First, some recent coverage,

While researching the company, I was delighted to learn they had hired Rich Jaroslovsky. Rich and I crossed paths a few times when I was working at Dow Jones as he was getting wsj.com off the ground. We both have a fascination with technology’s impact on media and I shared his mission to bring The Wall Street Journal online. We had since gone our separate ways but I always admired his love and respect for good journalism as a writer, editor, and business guy.

Rich explained to me that SmartNews thinks of itself as a machine learning company with a news front-end which is right in the nexus of what makes me tick. The co-founders, Ken Suzuki and Kaisei Hamamoto, are super-sharp engineers who see news discovery as an interesting problem to solve and hugely important for society to get right. To give you a sense for how they think, as they look for real estate for their San Francisco office, Ken and Kaisei each created their own interactive maps showing the locations of high tech startups and compared notes to determine that the area of 2nd and Howard was the ideal spot to focus their search.

I made my pitch (excerpted below) and here I am!

Two of the hardest challenges for the publishing industry are distribution and advertising. When publishers moved online, they had to reinvent their traditional distribution channels and navigate a new landscape.

Initially it was the portals such as Yahoo and AOL that would curate the best of the web. Advertising was also sold this way, manually curated and matched to broad channels of interest maintained by the portals.

As technology improved, search engines such as Google automated discovery and matching a reader’s interests to a publisher’s content. Advertising was automated and optimized via keyword matching and auction systems to extract maximum value. Distributed widgets allowed publishers to embed advertising into their sites and a combination of publisher tags and indexing that allowed them to take advantage of an ad network’s inventory.

Social media platforms have recently taken over as a source of traffic for publishers and content snippets shared via these networks represent the fastest growing segment of inbound readers for a publisher.

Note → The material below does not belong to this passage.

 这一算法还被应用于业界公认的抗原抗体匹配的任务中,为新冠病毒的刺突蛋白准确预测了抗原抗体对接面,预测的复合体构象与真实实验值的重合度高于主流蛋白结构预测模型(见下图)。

A common thread to success across all these channels is attractive representation of a publisher’s content within each distribution channel. Whether it’s meta-data, SEO, or “social media optimization,” each new distribution channel has spawned a new method of representing your content to the service which is doing the crawling and aggregation.

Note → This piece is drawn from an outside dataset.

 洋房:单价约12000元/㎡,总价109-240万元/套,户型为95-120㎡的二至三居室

For a new distribution channel both the crawling and aggregation algorithms are key to successful presentation of content and relevant advertising to the reader.

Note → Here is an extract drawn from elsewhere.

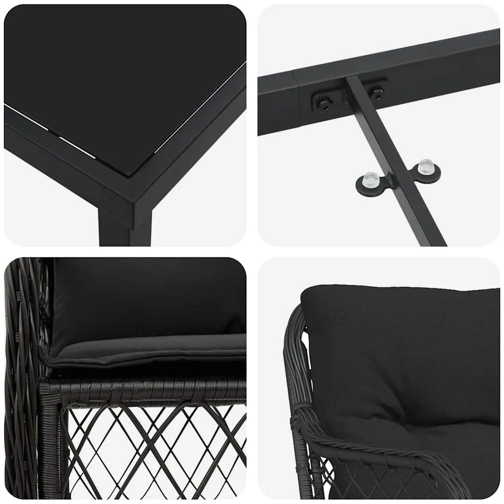 • Stiilne klaaspind: Elegantne karastatud klaasitabel, mis sobib musta raamiga, lisab teie söögikohale veel rohkem elegantsi ja mugavust. Puhastamine on lihtne, hoides teie välikohas mugavust ja esteetilisi omadusi.

Technology has enabled effortless distribution of news so the looming challenge is not so much the distribution of content but more its discovery and presentation. Social media burnout and personalization algorithms are still very basic and often push more and more similar content to the reader resulting in a “filter bubble” which shows the reader only what they want to see or worse, what they already know.

Working with publishers to find them new sources of readership and readers to teach them something they didn’t know is an important goal that aligns with my interests. The fact that the team is based in Japan, a culture with a strong culture of news readership, is attractive to me as I am a big fan of introducing Japan to the rest of the world.